▶ _Dataset entries_:
▼▼▼

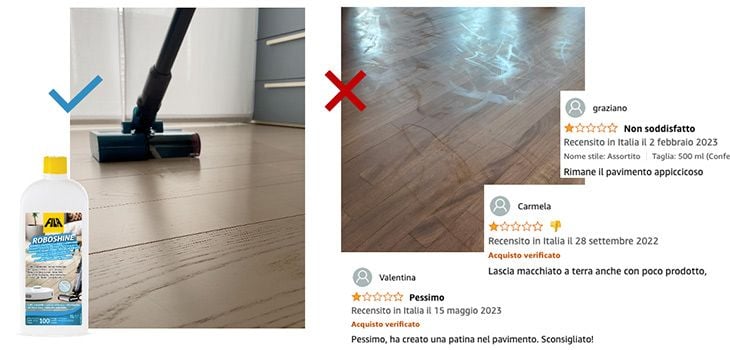 ⭐⭐⭐⭐⭐ Enrico Vitali – Treviso Finalmente un detergente che non rovina il robot. Pulizia perfetta e profumo gradevole. Lo consiglio!
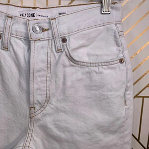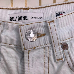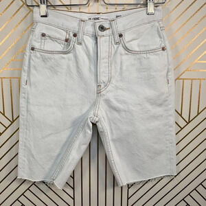 Brand new with tags RE/DONE 80'S Long Denim Shorts in Bleach White. Bleached 80's style long shorts in authentic denim. Belt loops. Bronze contrast topstitching. Button fly. Five pocket styling. Frayed hems. Silver-tone and copper-tone hardware. In white.
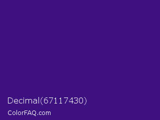 Decimal 67117430 Color is a dark violet color and the nearest color is Pixie Powder #391285. Hex code #3d1180 and RGB value is rgb(61,17,128). In RGB color space, this color is composed of 24% red, 7% green, 50% blue, In CMYK color space, this color is composed of 52% cyan, 87% magenta, 0% yellow , 50% black , In HSL color space, this color has a hue angle of 264° , 77% saturation and 28% lightness.
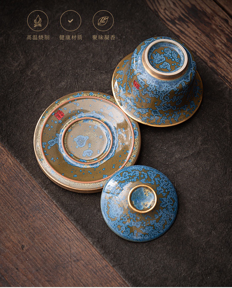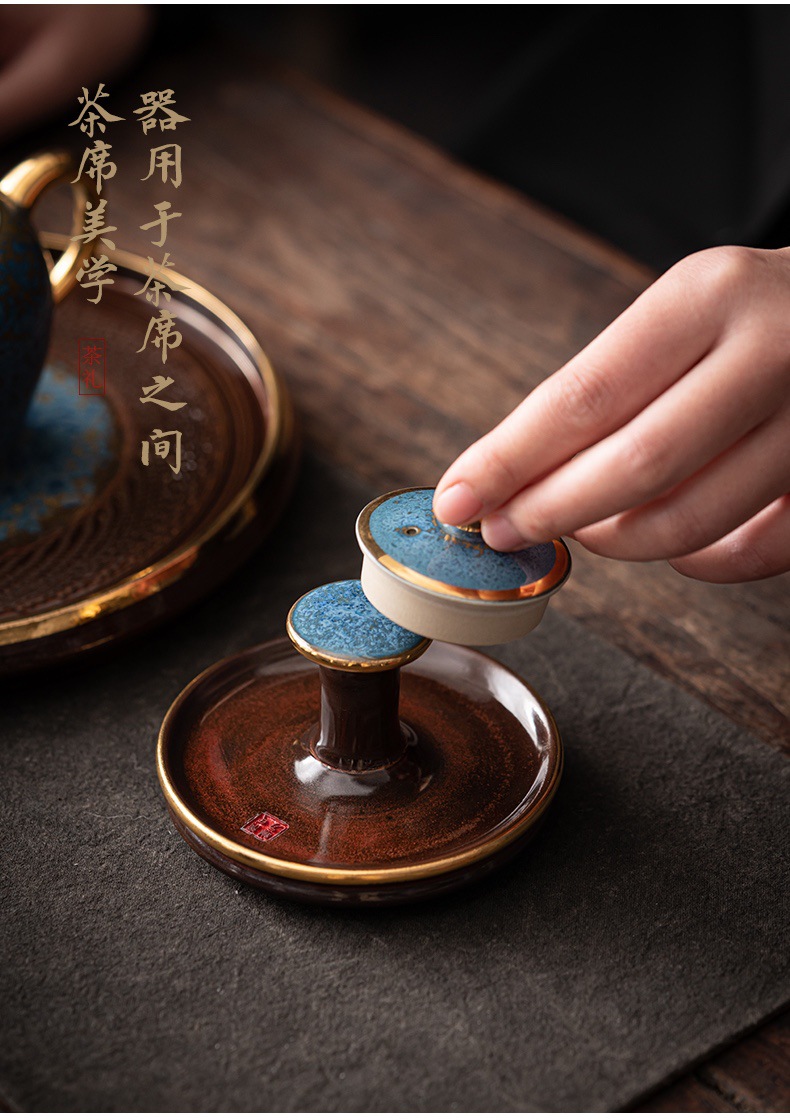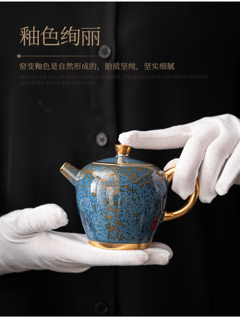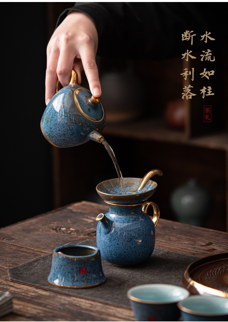 - Bộ đồ pha trà Kung Fu tráng men lò sứ Zhang Jinxi Jun Bộ tách trà gốm cao cấp sang trọng văn phòng gia đình cao cấp quà tặng
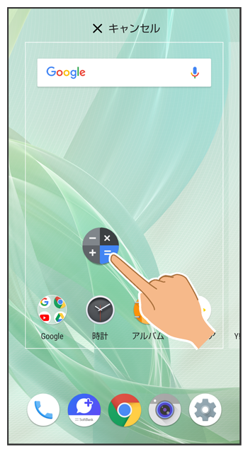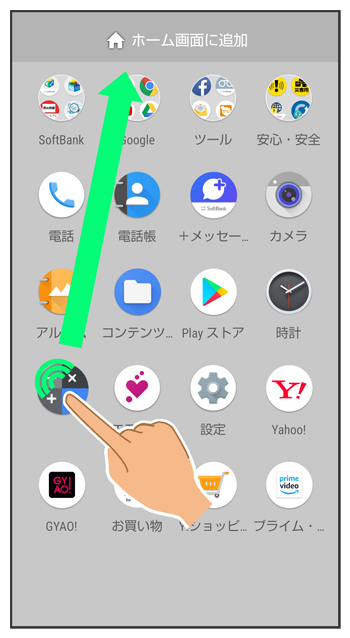 アプリ一覧画面でアプリをロングタッチし、「ホーム画面に追加」までドラッグ
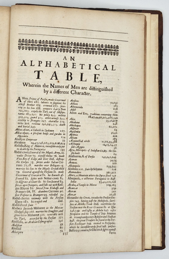 Third edition 4th impression: 399, xvi, (xvi Alphabetical Table) pages, additional engraved pictorial title page, 3 engraved plates - one the double-page engraving of Persepolis by Wenceslas Hollar, maps and engravings in the text, contemporary calf rebacked and recornered, stamp of D.D. Williams Library, Red Cross Street London on the verso of the engraved title page, bookplate on the front paste-down endpaper, contents crisp, a very good copy.
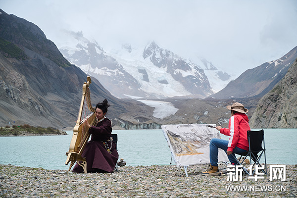 在祥格拉冰川,西藏中国高原画派研究院院长、西藏自治区美术家协会名誉主席唐天源(右)现场写生,中央民族乐团著名箜篌演奏家吴琳(左)演奏箜篌,达成艺术共鸣。

▲▲▲

▶ _Required work_: Only the lines from the line with "アプリ一覧画面でアプリをロングタッチし、「ホーム画面に追加」までドラッグ" through the end of the records belong in your copy. Repeat them exactly, without pictures.

▶ _Solution below_:
 アプリ一覧画面でアプリをロングタッチし、「ホーム画面に追加」までドラッグ
 Third edition 4th impression: 399, xvi, (xvi Alphabetical Table) pages, additional engraved pictorial title page, 3 engraved plates - one the double-page engraving of Persepolis by Wenceslas Hollar, maps and engravings in the text, contemporary calf rebacked and recornered, stamp of D.D. Williams Library, Red Cross Street London on the verso of the engraved title page, bookplate on the front paste-down endpaper, contents crisp, a very good copy.
 在祥格拉冰川,西藏中国高原画派研究院院长、西藏自治区美术家协会名誉主席唐天源(右)现场写生,中央民族乐团著名箜篌演奏家吴琳(左)演奏箜篌,达成艺术共鸣。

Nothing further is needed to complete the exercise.